Task objective> All lines from the one containing "Beautifully renovated 3-bedroom, 1.5-bath" to the end of the listing below should be output exactly; omit the pictures.
***** Collected material *****
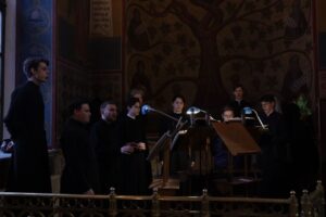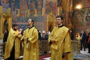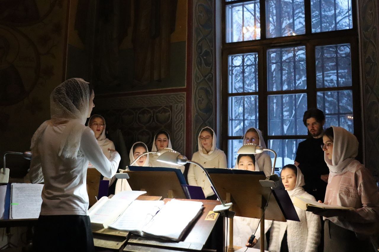 Богослужебные песнопения исполнил хор Калужской духовной семинарии под управлением воспитанника IV курса Карпенко Ивана и хор Калужского духовного училища под управлением воспитанницы III курса Орос Валерии.
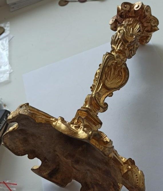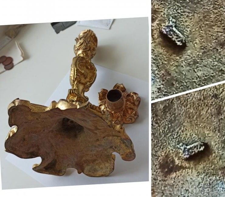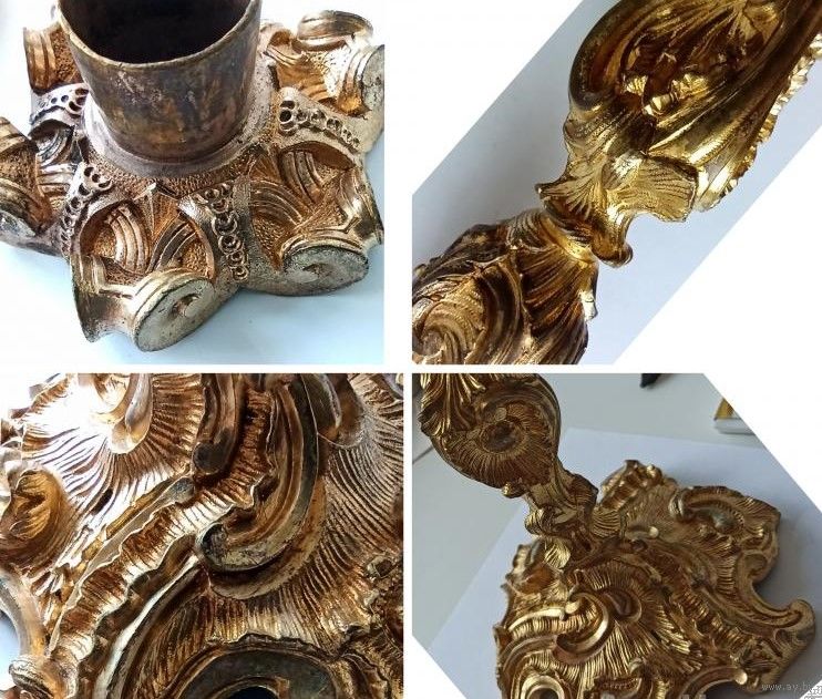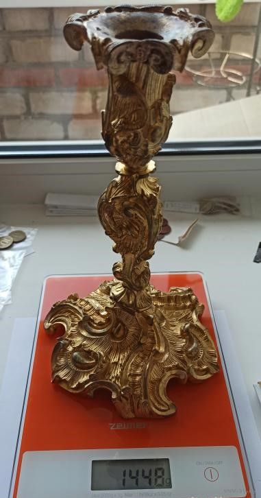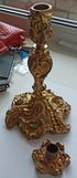 Золочёный антикварный царский подсвечник из личной коллекции, очень красивый, достойный экземпляр. Золочение оригинальное, есть клеймо, на фото и так особенно рассмотреть сложно, что указано... Основной металл бронза или латунь, покрытие - настоящее золото. Верхняя чашечка снимается, на внутреннем полом штоке, который вставляется внутрь подсвечника, есть трещина (на технические свойства и красоту никак не влияет, так как шток утопляется во внутрь). Подсвечник тяжёлый, без малого 1,5 кг. Приобретался давно, как подсвечник из дворца. Из личных вещей одного поэта...
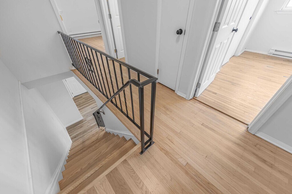 Beautifully renovated 3-bedroom, 1.5-bath home offering bright, comfortable living in a convenient residential location. The main level features a spacious living area with new flooring, recessed lighting, and large windows that fill the home with natural light. Upstairs you’ll find three generously sized bedrooms with hardwood floors and ample closet space. The fully updated bathroom features a modern double vanity, stylish fixtures, and a tiled shower/tub combination. Fresh paint and updated lighting throughout give the home a clean, modern feel. Additional highlights include baseboard heating, off-street parking, and a private entrance. Conveniently located near shopping, restaurants, and major roadways, this home offers a great combination of space, updates, and everyday comfort.
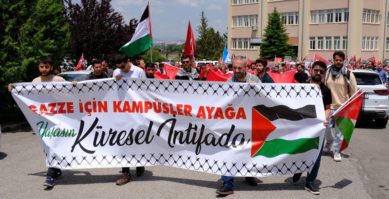 Yürüyüşün ardından Rektör Prof. Dr. Yıldız yaptığı açıklamada, “Bugün dünyanın gözü önünde bir millet yok ediliyor, soykırıma uğruyor. Bugün kardeşlerini, "korkmayın, birazdan öleceğiz,' sözleriyle teselli eden, tabuttan daha güvenli bir yer bilmeyen çocukların yaşadığı; bütün öğrencileri şehit olduğu için eğitimin resmen sona erdiği okulların olduğu, "Büyüyünce ne olacaksın,” sorusuna, "biz Filistinli çocuklar büyüyemeyiz ki," diyen ve büyüyemeyen yavruların; oyunları, bombalardan kaçmak, sedyeyle yaralı taşımak, enkaz kazmak ve şehitlik olan çocukların yaşadığı, kundaktaki bebeklerin kafasının koptuğu, insanların diri diri yakıldığı Filistin için toplandık. Bugün burada toplandık; çünkü biz, hala hayatta olan masumlar için barış sağlanamadığı; katil İsrail'in soykırımına engel olunamadığı için toplandık. Tarihte kendilerine yaşatılan korkunç soykırımın mağduriyeti üzerinden kendine uluslararası meşruiyet alanı açmış bir devlete ve ona karşı duyulan suçluluk psikolojisi içinde yıllardır bu zulme ses çıkarmayan Batının iki yüzlüğüne şahit olmaktayız.” dedi.
*****
Expected answer>
 Beautifully renovated 3-bedroom, 1.5-bath home offering bright, comfortable living in a convenient residential location. The main level features a spacious living area with new flooring, recessed lighting, and large windows that fill the home with natural light. Upstairs you’ll find three generously sized bedrooms with hardwood floors and ample closet space. The fully updated bathroom features a modern double vanity, stylish fixtures, and a tiled shower/tub combination. Fresh paint and updated lighting throughout give the home a clean, modern feel. Additional highlights include baseboard heating, off-street parking, and a private entrance. Conveniently located near shopping, restaurants, and major roadways, this home offers a great combination of space, updates, and everyday comfort.
 Yürüyüşün ardından Rektör Prof. Dr. Yıldız yaptığı açıklamada, “Bugün dünyanın gözü önünde bir millet yok ediliyor, soykırıma uğruyor. Bugün kardeşlerini, "korkmayın, birazdan öleceğiz,' sözleriyle teselli eden, tabuttan daha güvenli bir yer bilmeyen çocukların yaşadığı; bütün öğrencileri şehit olduğu için eğitimin resmen sona erdiği okulların olduğu, "Büyüyünce ne olacaksın,” sorusuna, "biz Filistinli çocuklar büyüyemeyiz ki," diyen ve büyüyemeyen yavruların; oyunları, bombalardan kaçmak, sedyeyle yaralı taşımak, enkaz kazmak ve şehitlik olan çocukların yaşadığı, kundaktaki bebeklerin kafasının koptuğu, insanların diri diri yakıldığı Filistin için toplandık. Bugün burada toplandık; çünkü biz, hala hayatta olan masumlar için barış sağlanamadığı; katil İsrail'in soykırımına engel olunamadığı için toplandık. Tarihte kendilerine yaşatılan korkunç soykırımın mağduriyeti üzerinden kendine uluslararası meşruiyet alanı açmış bir devlete ve ona karşı duyulan suçluluk psikolojisi içinde yıllardır bu zulme ses çıkarmayan Batının iki yüzlüğüne şahit olmaktayız.” dedi.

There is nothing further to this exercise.